Your horse may have special needs or requirements outside of the founder issue. Never hide any pertinent information about your horse. Previous injuries, illnesses, previous founder episodes, any metabolic issues, etc. should be remembered and disclosed. Your horse’s treatment plan may be influenced by it and progress could be hindered by not disclosing it.

Chapter 17 – Is there only one trimming or shoeing protocol that works?

That’s a good question with no clear answer. We have already examined the age-old shoeing techniques that have had limited success and many more failures. But there are a few reasonably new shoeing techniques that claim success. That success, however, appears to be quite limited. When compared to a zero success rate, anything, even a one percent success rate, can seem better than nothing.

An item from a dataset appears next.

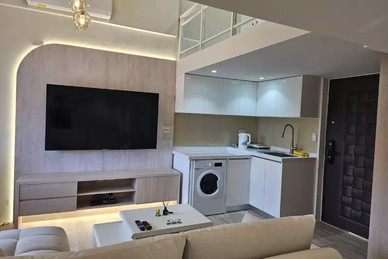 在設計規劃上,整體空間展現嶄新生命力:浴室配置獨立淋浴與分離式貴妃浴缸,廚房採紅白L型廚具與吧檯,搭配洗碗機與溫水機,機能完善。客廳以大紅沙發與大理石家具吸睛,臥室則透過木質與暖光營造溫馨氛圍;衣物間以粉色牆面結合大容量櫃體,陽台則整合洗曬機能。即使過程中遇到高樓監工挑戰與施工誤解,一岱仍堅持「良心施工、實在報價、如期完工」,讓業主真正放心。
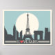 Vintage poster with an illustration of Eiffel tower,gates of victory and other monumental buildings in the moonlight,with the text on the bottom saying "I love Paris" the o in the love is a red heart vector.

A general protocol having greater success is trimming for founder. There are a number of groups and organizations having some success with treating founder through trimming. Some protocols have more success than others. If you contact each of these, a valid question to ask is not what success rate they have, but do they prefer to work on mild to moderate cases and do they take on any founder case regardless of severity. Another good question to ask is, can their protocol be adapted to any horse, with any severity, in any environment, given any variable? Some organizations prefer only to take on the mild cases because they can claim a higher success rate. The rest they recommend putting down. One organization, however, has had good success and they do not turn away cases simply because other groups or professionals have given up hope. They are able to adapt the trim and rehabilitation protocol to any horse in any part of the country. I am proud to be a founding member of that organization and I believe our work and our success, speaks for itself. When looking for someone to work on a foundered horse, it is very important to do research, talk to other horse owners with foundered horses, find out who has had the worst cases and investigate those cases. The approach and treatment of each case should be handled on an individual basis and should have a treatment and approach for addressing each case. The treatment should make logical sense. It should have sound reasoning. It should be backed up by pathological research. And it should be a treatment plan that can adapt to changing conditions. If the approach appears to be a ‘cookie cutter’ plan, that plan is likely going to be too rigid and will not be flexible enough to ‘bend and sway’ as conditions change and evolve. One thing to consider, though, is no matter which protocol you decide upon; give that protocol a chance to work. Unless there is a definite regress or absolute degrade in the condition of the horse that wasn’t warned or expected, stick with that protocol for a reasonable length of time. Three months would be a reasonable length of time before reevaluating. Don’t be afraid to question the treatment or protocol. The professional you have decided upon should be able to answer, in logical and clear terms, what is being done, why it’s being done and what the expected results should be. The bottom line is, the treatment should make good sense.